65th ISI World Statistics Congress 2025

65th ISI World Statistics Congress 2025

Micro-Level Poverty Indicators: Assessing Challenges and Opportunities in Egypt at the smallest geographical level

Conference

65th ISI World Statistics Congress 2025

Format: CPS Abstract - WSC 2025

Keywords: hices, poverty, sae,

Session: CPS 38 - Statistical Methods and Challenges in Poverty and Income Measurement

Tuesday 7 October 4 p.m. - 5 p.m. (Europe/Amsterdam)

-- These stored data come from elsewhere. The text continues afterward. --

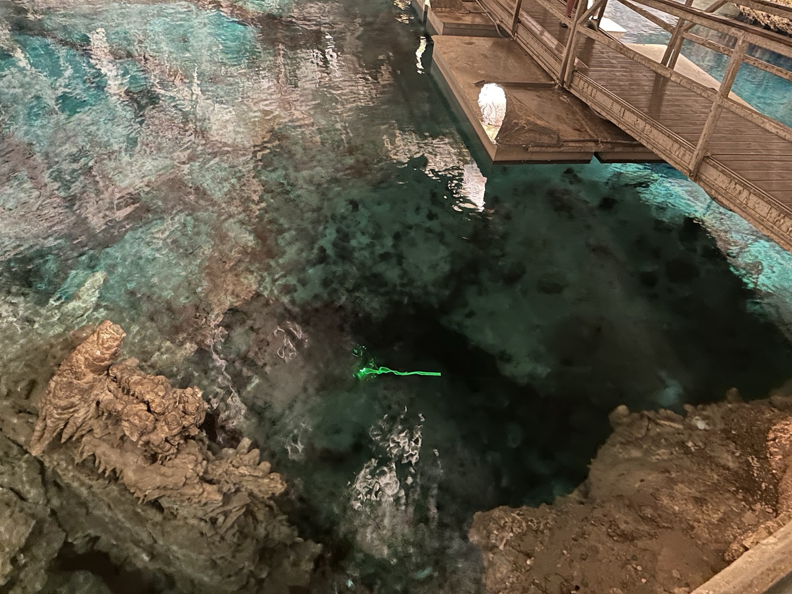 He also said that they send a scuba diver down once a year to clean up anything that gets dropped in there. He said that there were currently about 20 cell phones down there, so to be careful!
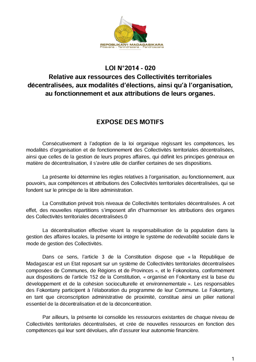 Loi n°2014-020 - Relative aux ressources des Collectivités territoriales décentralisées, aux modalités d'élections, ainsi qu'à l'organisation, au fonctionnement et aux attributions de leurs organes.
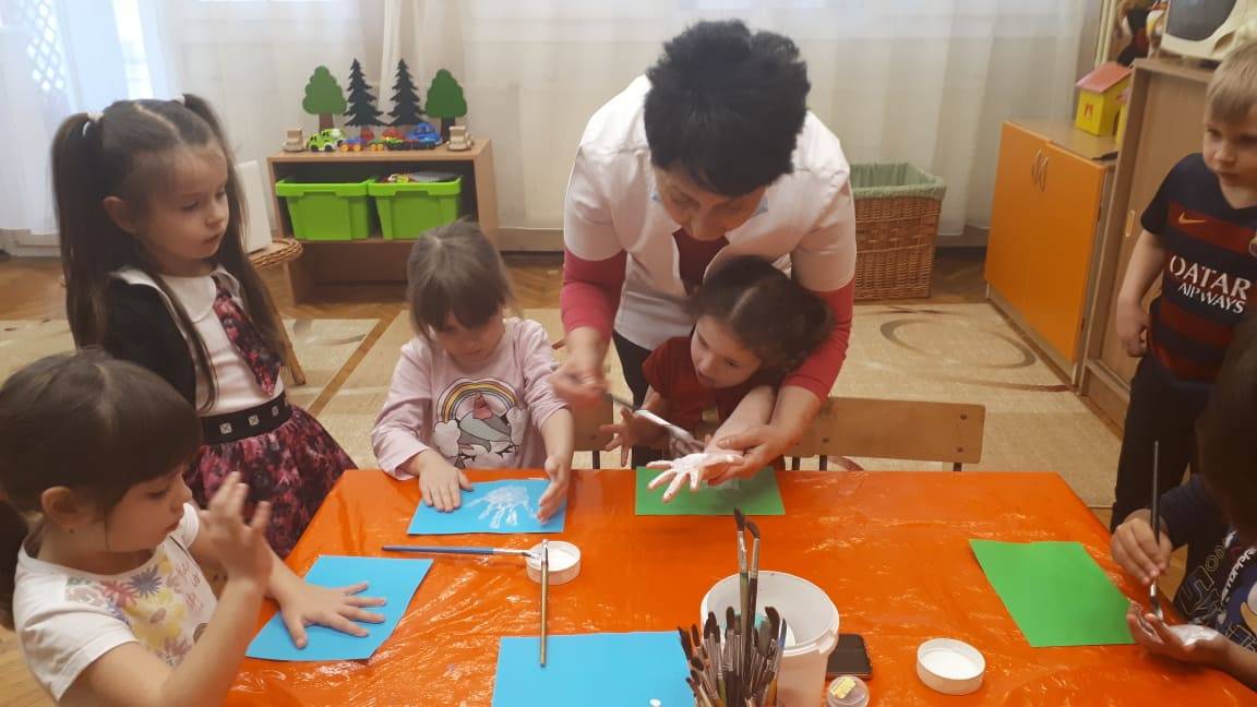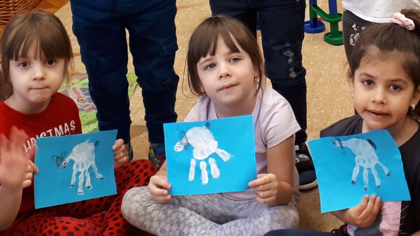 Megbeszéltük a kisfilmben történteket, majd szívesen csatlakoztak a kiskecske tenyérnyomatos elkészítéséhez. A foglalkozás végén meghallgatták, majd ők is énekelték az „A part alatt…” c. népdalt.

Session: CPS 38 - Statistical Methods and Challenges in Poverty and Income Measurement

Tuesday 7 October 5:10 p.m. - 6:10 p.m. (Europe/Amsterdam)

Abstract

Statistics and data have the important role in realizing international development priorities, the Fundamental Principles of Official Statistics and the global indicator framework of the SDGs recommends disaggregating data according to income, sex, age, disability, geographic location and other relevant dimensions. So, The demand for small area data to support planning, decision making, and service delivery at a local area level, SAE is produced depending on the new statistics techniques that are more accurate than survey estimates. Poverty statistics are very important, and SDG 1 aims to end poverty in all forms everywhere. Sample sizes of survey data sets used for poverty estimation are rarely large enough to generate reliable estimates for highly disaggregated analysis. Accurate Municipal-level poverty estimates will be useful for evidence-based economic and social policies and programs for poverty reduction. This study works on studying the potential opportunities and the challenges in applying Small Area Estimation (SAE) techniques to estimate poverty indicators at the smallest geographical level(shiakha/village) in Egypt to get the main reasons for this problem. This helps policymakers to address this national phenomenon at this small geographical level and also target the poorest areas. The paper is applying SAE methods of poverty indicators:

1- Direct methods that applied without the explicit application of statistical models.
2- Indirect methods (regression models).
Data sources: Household income, expenditure, and consumption survey (HIECS2021- 2022).